Methodology and Data
- Models used: Not applicable (no specific hydrological or climate simulation models were run by the authors; ERA5 is a reanalysis dataset).
- Data sources:
- Streamflow and Reservoir Storage: Automatic Hydrological Information System (SAIH) of the Confederación Hidrográfica Miño–Sil, and Anuario de Aforos of CEDEX.
- Monthly Precipitation and Evapotranspiration: ERA5 reanalysis dataset (European Centre for Medium-Range Weather Forecasts - ECMWF, Copernicus Climate Change Service - C3S) at 0.25° x 0.25° spatial resolution.
- Rain Gauge Precipitation (for extreme events): AEMET rain gauge stations.
- Land-use data: Instituto Nacional de Estadística (INE), Instituto Galego de Estatística (IGE), and HILDA+ (Historic Land Dynamics Assessment+) dataset.

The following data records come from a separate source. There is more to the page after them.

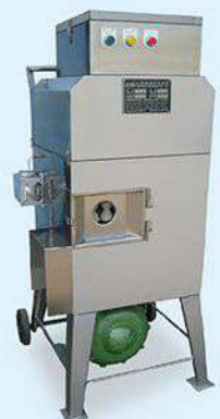
MZ-268A Corn Cutter 玉米脫粒機
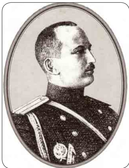
А.А. Свечин в старой армии. A.A. Svecin in the old army

мели выстрелы, они оказались не только не нужны властям, но и воспринимались как потенциальная угроза безопасности Советской России, а затем и СССР. Положение этой группы лиц усугубилось с приходом к власти такого яркого противника политики привлечения бывших офицеров на службу в РККА каким был И.В. Сталин. Произошло это не сразу, но именно бывшие офицеры стали одной из первых жертв массовых репрессивных кампаний, которые проводились в СССР в конце 1920-х – начале 1930-х гг.
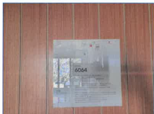
จุดรวมพลของโครงการ
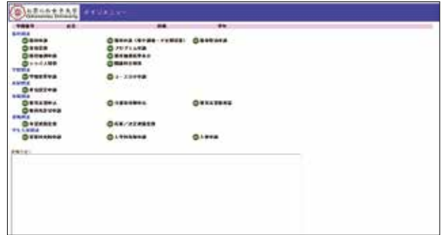
■メインメニュー画面

- Data Completion: Streamflow at San Pedro was reconstructed by summing discharge from Monforte de Lemos (Cabe River) and Santo Estevo (Sil River), validated with Nash–Sutcliffe Efficiency (NSE), Root Mean Square Error–Standard Deviation Ratio (RSR), and Percent Bias (PBIAS).
- Statistical Analysis: Kolmogorov–Smirnov (K–S) test for comparing monthly distributions, linear regression for trend analysis, and percentile-based thresholds for extreme event classification.
Main Results
- Land-use patterns in the Miño–Sil basin remained remarkably stable from the mid-20th century to the early 21st century, with Forest & Pastures & Grass consistently dominating (~93% of total area).
- Dam regulation was identified as the primary driver of long-term streamflow changes, overriding the relatively stable basin-scale precipitation and land-use patterns.
- In regulated river sections (San Pedro, Ourense), reservoirs significantly altered the seasonal flow regime, reducing winter discharges and enhancing summer flows, leading to a clear seasonal redistribution of streamflow and a marked decoupling between discharge and precipitation.
- Unregulated sections (Lugo) maintained a natural flow regime closely linked to rainfall variability.
- Mean annual streamflow showed a statistically significant positive trend at Lugo (7.79 x 10⁶ m³/year, p ≈ 3.40 x 10⁻⁴), while regulated stations (San Pedro, Ourense) exhibited non-significant negative trends, suggesting regulation dampens long-term signals.
- Annual precipitation trends were positive but not statistically significant at any site, with implied changes less than 1% of mean annual precipitation.
- The Kolmogorov–Smirnov test revealed statistically significant shifts in streamflow distributions during the dry season (July–October) at regulated stations, indicating a strong impact of dam operations under low-flow conditions.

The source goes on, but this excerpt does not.